▶ [Data excerpt]

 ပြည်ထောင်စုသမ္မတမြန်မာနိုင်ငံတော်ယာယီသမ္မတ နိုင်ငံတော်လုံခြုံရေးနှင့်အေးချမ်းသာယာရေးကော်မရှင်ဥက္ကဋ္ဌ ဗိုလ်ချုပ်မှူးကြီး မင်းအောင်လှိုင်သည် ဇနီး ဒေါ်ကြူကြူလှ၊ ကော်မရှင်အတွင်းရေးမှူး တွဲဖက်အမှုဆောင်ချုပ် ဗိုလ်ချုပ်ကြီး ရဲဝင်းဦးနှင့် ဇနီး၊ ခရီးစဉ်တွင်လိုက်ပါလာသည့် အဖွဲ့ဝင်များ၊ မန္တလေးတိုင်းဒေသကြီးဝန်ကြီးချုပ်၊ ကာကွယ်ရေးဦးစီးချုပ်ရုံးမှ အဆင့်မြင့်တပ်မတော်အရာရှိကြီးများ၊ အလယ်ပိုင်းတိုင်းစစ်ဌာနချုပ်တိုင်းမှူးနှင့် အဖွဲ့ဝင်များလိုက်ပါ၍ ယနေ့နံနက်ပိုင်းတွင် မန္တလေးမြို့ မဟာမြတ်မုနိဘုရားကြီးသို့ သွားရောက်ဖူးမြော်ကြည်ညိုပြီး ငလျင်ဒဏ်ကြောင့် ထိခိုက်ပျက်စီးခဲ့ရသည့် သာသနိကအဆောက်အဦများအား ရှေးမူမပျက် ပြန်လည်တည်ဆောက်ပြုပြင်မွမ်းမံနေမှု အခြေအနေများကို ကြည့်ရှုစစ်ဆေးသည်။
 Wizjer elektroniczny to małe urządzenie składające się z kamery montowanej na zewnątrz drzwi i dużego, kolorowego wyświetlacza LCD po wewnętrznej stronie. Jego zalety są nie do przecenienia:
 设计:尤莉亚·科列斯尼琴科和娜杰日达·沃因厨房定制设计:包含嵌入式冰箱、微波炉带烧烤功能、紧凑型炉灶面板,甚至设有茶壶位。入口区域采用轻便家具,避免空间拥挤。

▶ [Assigned task] From the first line through the last, give the data above again exactly.

▶ [Solution to the exercise]
 ပြည်ထောင်စုသမ္မတမြန်မာနိုင်ငံတော်ယာယီသမ္မတ နိုင်ငံတော်လုံခြုံရေးနှင့်အေးချမ်းသာယာရေးကော်မရှင်ဥက္ကဋ္ဌ ဗိုလ်ချုပ်မှူးကြီး မင်းအောင်လှိုင်သည် ဇနီး ဒေါ်ကြူကြူလှ၊ ကော်မရှင်အတွင်းရေးမှူး တွဲဖက်အမှုဆောင်ချုပ် ဗိုလ်ချုပ်ကြီး ရဲဝင်းဦးနှင့် ဇနီး၊ ခရီးစဉ်တွင်လိုက်ပါလာသည့် အဖွဲ့ဝင်များ၊ မန္တလေးတိုင်းဒေသကြီးဝန်ကြီးချုပ်၊ ကာကွယ်ရေးဦးစီးချုပ်ရုံးမှ အဆင့်မြင့်တပ်မတော်အရာရှိကြီးများ၊ အလယ်ပိုင်းတိုင်းစစ်ဌာနချုပ်တိုင်းမှူးနှင့် အဖွဲ့ဝင်များလိုက်ပါ၍ ယနေ့နံနက်ပိုင်းတွင် မန္တလေးမြို့ မဟာမြတ်မုနိဘုရားကြီးသို့ သွားရောက်ဖူးမြော်ကြည်ညိုပြီး ငလျင်ဒဏ်ကြောင့် ထိခိုက်ပျက်စီးခဲ့ရသည့် သာသနိကအဆောက်အဦများအား ရှေးမူမပျက် ပြန်လည်တည်ဆောက်ပြုပြင်မွမ်းမံနေမှု အခြေအနေများကို ကြည့်ရှုစစ်ဆေးသည်။
 Wizjer elektroniczny to małe urządzenie składające się z kamery montowanej na zewnątrz drzwi i dużego, kolorowego wyświetlacza LCD po wewnętrznej stronie. Jego zalety są nie do przecenienia:
 设计:尤莉亚·科列斯尼琴科和娜杰日达·沃因厨房定制设计:包含嵌入式冰箱、微波炉带烧烤功能、紧凑型炉灶面板,甚至设有茶壶位。入口区域采用轻便家具,避免空间拥挤。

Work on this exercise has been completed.